Tot de helft afstandsonderwijs? Liever niet, zeggen ouders
De onderwijskoepels willen tot de helft van de lesuren in het secundair digitaal kunnen aanbieden. Ouders en vakbonden steigeren.
Kan een middelbare school haar leerlingen 50 procent van de tijd afstandsonderwijs aanbieden? En mag een vak, pakweg Frans, uitsluitend digitaal aangeboden worden? Vandaag starten de onderhandelingen met Vlaams minister van Onderwijs Ben Weyts (N-VA) over het decreet dat afstandsonderwijs uit de grijze zone moet halen. Leraars of directeurs die de afgelopen jaren de stap wilden zetten om bijvoorbeeld hun leerlingen de woensdagvoormiddag thuis te laten werken, voelden of tegenkanting van hun bestuur of vreesden aanvechtingen van schoolresultaten.
De gesprekken beloven niet gemakkelijk te worden. Een recent standpunt van de Vlaamse onderwijsraad, die het onderwijsveld verenigt, toont hoe verspreid de meningen zijn.

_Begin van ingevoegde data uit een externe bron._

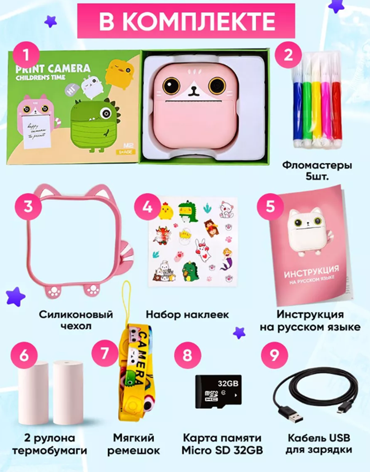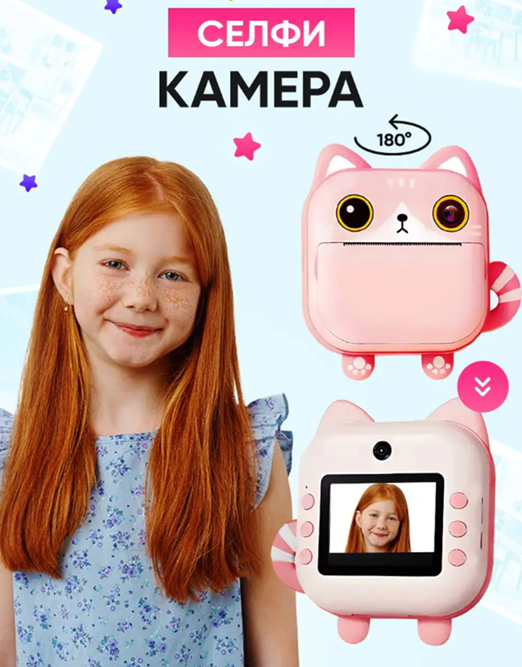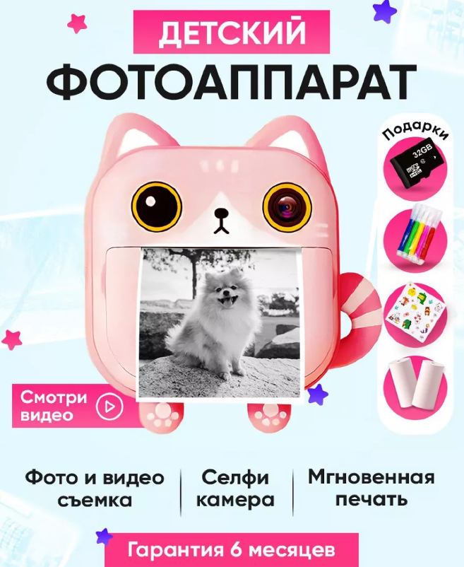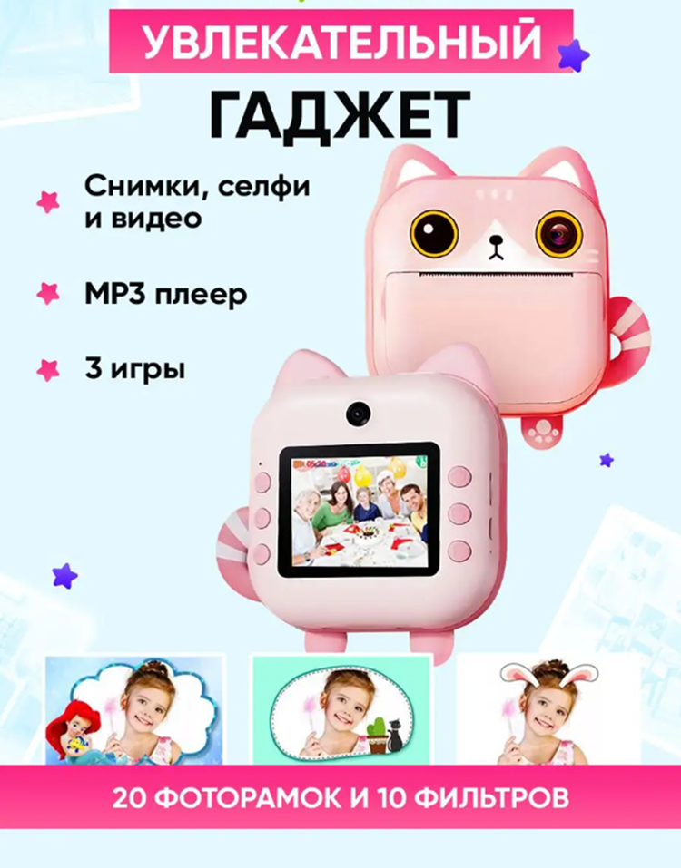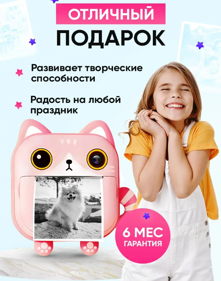 Детский фотоаппарат Print Camera с мгновенной печатью фото Котенок + карта памяти на 32GB розовый интересное:

In het advies zijn twee standpunten opgenomen. Dat is vrij uitzonderlijk en alleen verplicht als de partners het opmerkelijk oneens zijn. Zo zitten het GO! en de GO!-ouders elk in een ander kamp.
‘Geen verplichting’
De voornaamste inzet is de bovengrens van het aantal uren die leerlingen van thuis les mogen volgen. Aan de ene kant staan de fans van een ruim kader, dat scholen toelaat tot 50 procent afstandsonderwijs in te richten. Het zijn de onderwijsverstrekkers – zoals het GO! of het katholiek onderwijs – die hiervoor pleiten. ‘Scholen zijn het best geplaatst om in te schatten voor welke leerlingen en in welke mate interactief afstandsonderwijs ingezet kan worden’, klinkt het. Met een bovengrens van 50 procent biedt het decreet scholen ‘de nodige ruimte’ – zonder enige verplichting dat te doen of maximaal te benutten.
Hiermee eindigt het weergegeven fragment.